Oxidative DMA Damage and Genetic Instability in Models of Intestinal Tumor Development It is well-established that oxidative DMA damage can cause mutations that have been implicated in tumor development. During the previous program project support period, we exploited isogenic yeast strains to determine the relationships between those pathways involved in removal/repair of oxidative DMA damage and those pathways that tolerate its presence in the genome via DNA polymerase-mediated translesion synthesis and recombination leading to genetic instability. In addition, we have established that the chronic presence of unrepaired DNA damage causes a "stress adaptation" response that leads to an increase in intracellular ROS accompanied by further increases in genetic instability and a host of physiological changes similar to the cancer cell phenotype. In project 2, we will further define the relevance of the DNA damagemediated ROS/genetic instability response within the context of it being a driver of small- and large-scale genomic rearrangements in both yeast and mammalian cells. We will also determine the relationships among oxidative DNA damage, DNA repair and genetic instability activities during various stages of tumor development in a mouse colon cancer system where mitochondrial- and Nox-mediated generators of ROS have been activated. We will also continue our collaborative studies to further elucidate the connections between oxidative mtDNA damage, mtDNA genetic instability and those systems that respond (or fail to respond) to such damage. The specific aims of this project are designed to exploit yeast to rapidly identify key ROS mediators of genetic instability and to define the nature of abnormal chromosomal changes caused by ROS as a result of DNA damage caused by exogenous and endogenous agents. The results of the yeast studies will be used to focus attention on similar relationships that we hypothesize will exist during the development of mammalian colon tumors where increasing intracellular ROS functions as a driver (via oxidative DNA damage) of small- and large-scale genomic changes, from point mutations to chromosomal aberrations, including amplifications, deletions, and non-reciprocal translocations. The results of these studies should provide a picture of the extent to which ROS functions as the mediator of genetic instability during colon tumor development in mammalian intestinal cells.

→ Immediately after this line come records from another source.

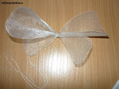 Вырезаем из тафты крылышки. Затем обжигаем их зажигалкой, чтобы ткань не сыпалась. После этого связываем крылышки ноткой.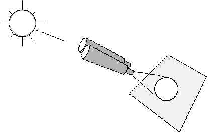 All observers, whether teachers, students, amateur or professional astronomers, must remember NEVER EVER TO LOOK THROUGH AN UNSHIELDED TELESCOPE AIMED AT THE SUN! The famous Italian scientist Galileo unfortunately did so and became blind. With our present high-transmission telescopes, eye damage will occur within less than a second. The tremendous heating power of sunlight is easily demonstrated using a magnifying lens (a burning glass).
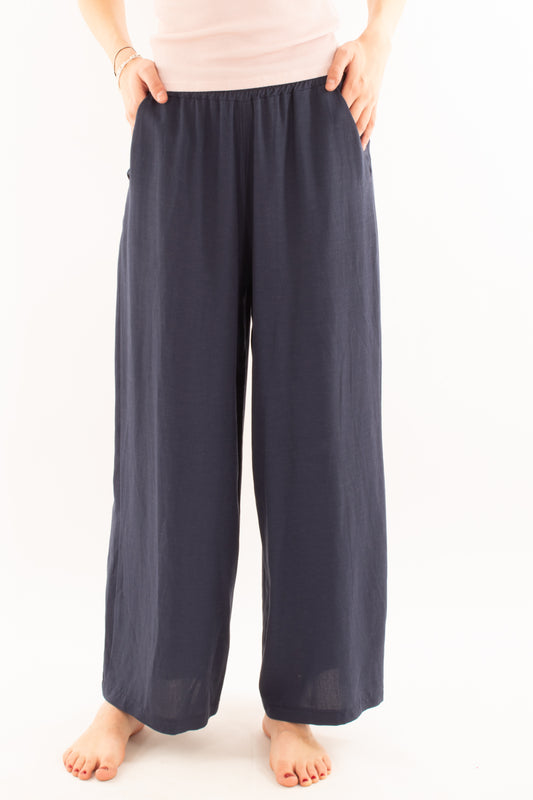 Pantalone a palazzo in lino e viscosa da Donna Metoo - Blu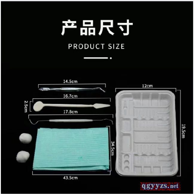 | 產(chǎn)品賣點 | 由托盤、口鏡、牙探針、牙用鑷、醫(yī)用檢查墊、脫脂棉球、檢查手套、吸唾管、水槍頭組成,非無菌提供,一次性使用。 |
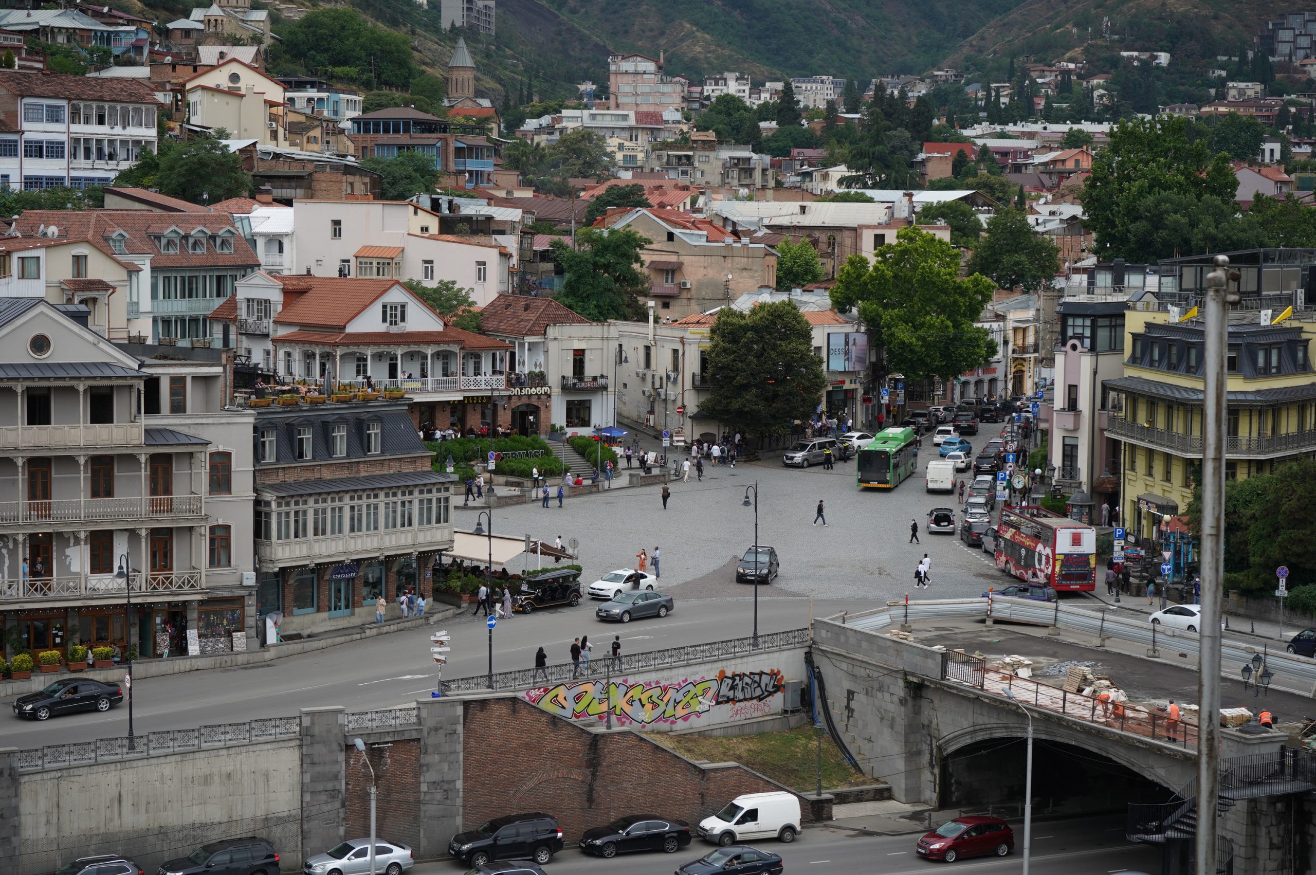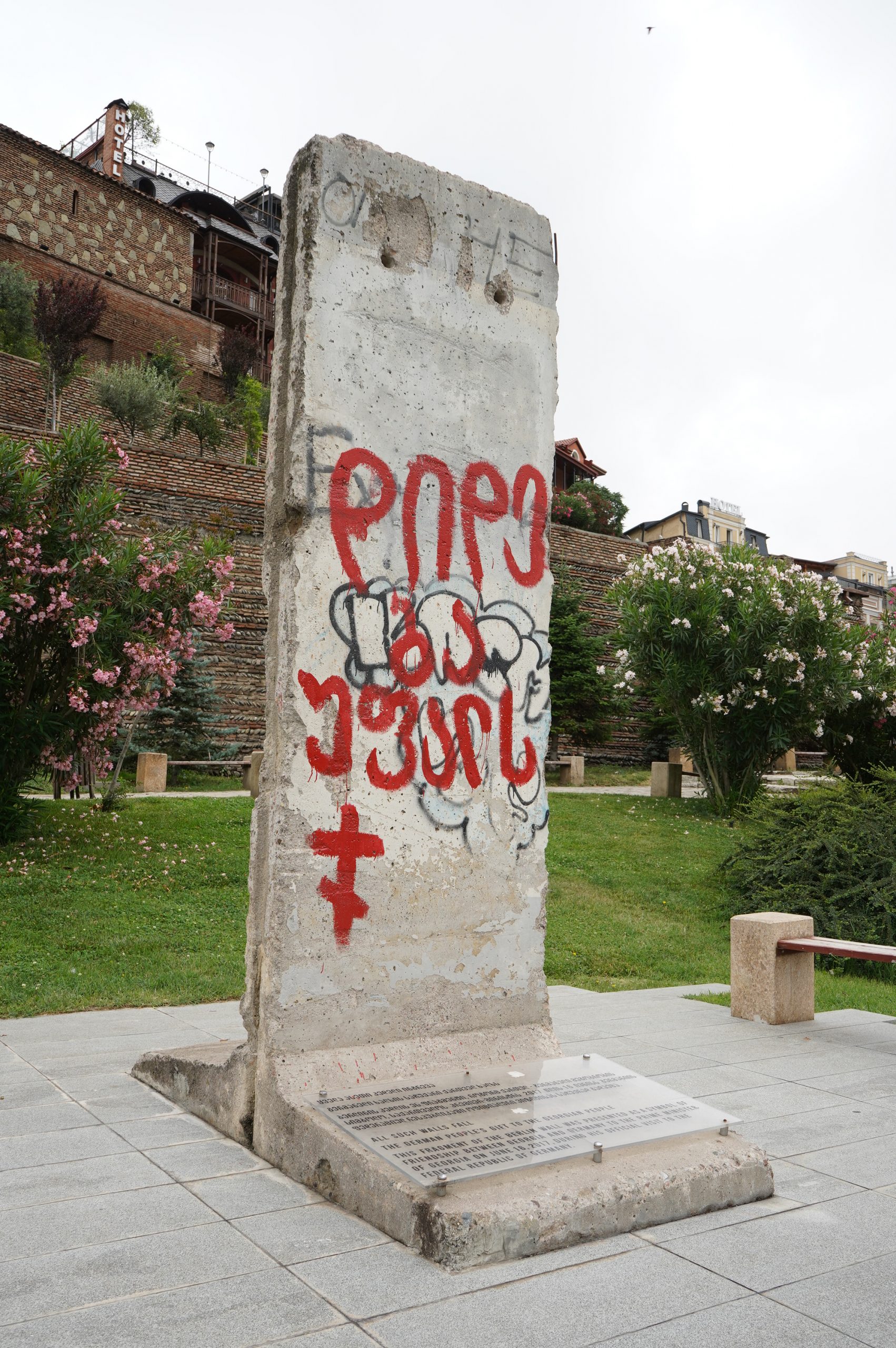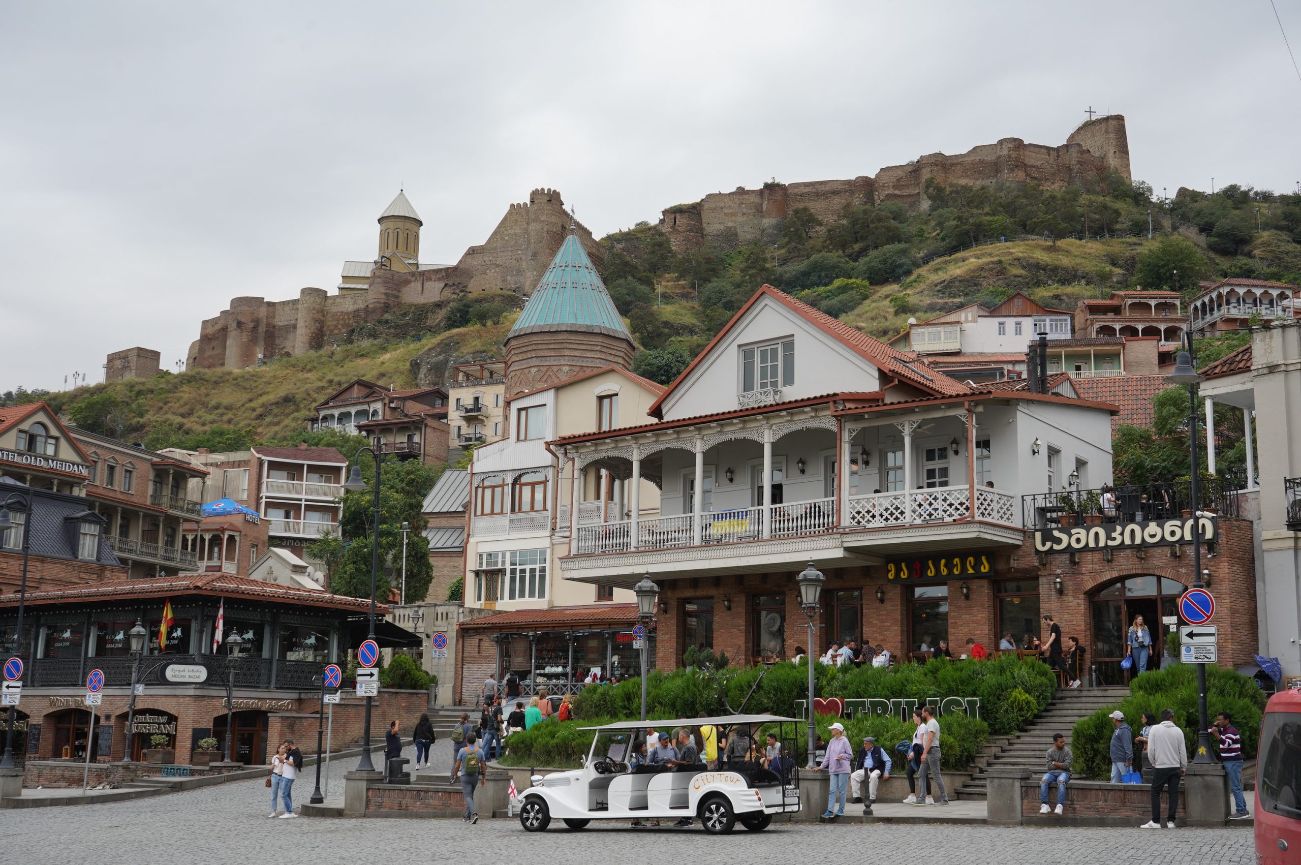 Parkplatz Public service hallSameba-Kathedrale…neu erbaut. Kirchen haben anscheinend einen höhen Stellenwert…auch was Finanzierung betrifftFriedensbrückeFriedensbrücke mit Rike ParkRike -Konzert und AusstellungshallenState Palace of Ceremonies (Präsidentenpalast), auch wieder ein wenig Reichstag-Architektur eingeflossenhier alles von oben, von der FestungsruineDüfte werden hier angebotenes lohnt sich immer auch mal nach oben zu sehen. Kneipenstraße ErekleFreiheitsplatzsehr kontrastreich die Stadt…nicht nur in der ArchitekturZwischen Freiheitsplatz und Lado Asatiani- Straßedeutsche Schule im Hintergrundso soll es irgendwann überall aussehen in den vielen Gassen der Altstadt…viele KirchenBäderviertel und Moscheeam Meidanalte StadtmauerParlamentBlick von der Metechi-Kirche Meidan-Platzauch ein Stück Berliner Mauer findet man in Tbilisidas Gebäude des Biltmore-Hotel sticht immer herauszur Statue „Mutter Georgiens“von der Statue sowie von der Festung hat man schöne Blicke über die Stadtvom Meidan Flussabwärtsauf der Festungkurzer Abstecher in den botanischen Garten( gleich hinter der Festung)…Schnappschuss eines HochzeitsflugesMoscheeLiebeswünscheein Minibecher frisch gepresster Saft kostet 5 €…der hat mich erwischt Chronik von Georgien oberhalb der Tbilisi Talsperre…es gibt natürlich auch das neuere Tbilisi, Blocks aus Sowjetzeitgenau da unten ist der Strand, wo ich meinen Stellplatz finden werden

肠肿瘤发展模型中的氧化 DMA 损伤和遗传不稳定性 众所周知，氧化 DMA 损伤可导致与肿瘤相关的突变 发展。在之前的项目支持期间，我们利用同基因酵母菌株 确定参与去除/修复氧化 DMA 损伤的途径之间的关系 以及那些通过 DNA 聚合酶介导的跨损伤耐受其在基因组中存在的途径 合成和重组导致遗传不稳定。此外，我们已经确定，慢性 未修复的 DNA 损伤的存在会引起“应激适应”反应，从而导致 细胞内活性氧伴随着遗传不稳定性的进一步增加和一系列生理变化 与癌细胞表型相似。在项目2中，我们将进一步定义DNA损伤介导的相关性 ROS/遗传不稳定性反应是小规模和大规模的驱动因素 酵母和哺乳动物细胞中的基因组重排。我们还将确定关系 肿瘤各个阶段的氧化DNA损伤、DNA修复和遗传不稳定性活动之间的关系 小鼠结肠癌系统的发育，其中线粒体和 Nox 介导的 ROS 发生器 已被激活。我们还将继续合作研究，以进一步阐明其中的联系 氧化 mtDNA 损伤、mtDNA 遗传不稳定性和那些做出反应（或未能反应）的系统之间 响应）这样的损害。 该项目的具体目标是利用酵母快速识别关键的 ROS 介体 遗传不稳定性并定义由 ROS 引起的异常染色体变化的性质 外源性和内源性因素引起的 DNA 损伤。酵母研究的结果将被使用 将注意力集中在我们假设在开发过程中存在的类似关系 哺乳动物结肠肿瘤，其中细胞内 ROS 的增加作为驱动因素（通过氧化 DNA 小规模和大规模的基因组变化（从点突变到染色体畸变）， 包括扩增、缺失和非互易易位。这些研究的结果应该 提供了 ROS 在结肠过程中作为遗传不稳定性介质的程度的图片 哺乳动物肠道细胞中的肿瘤发展。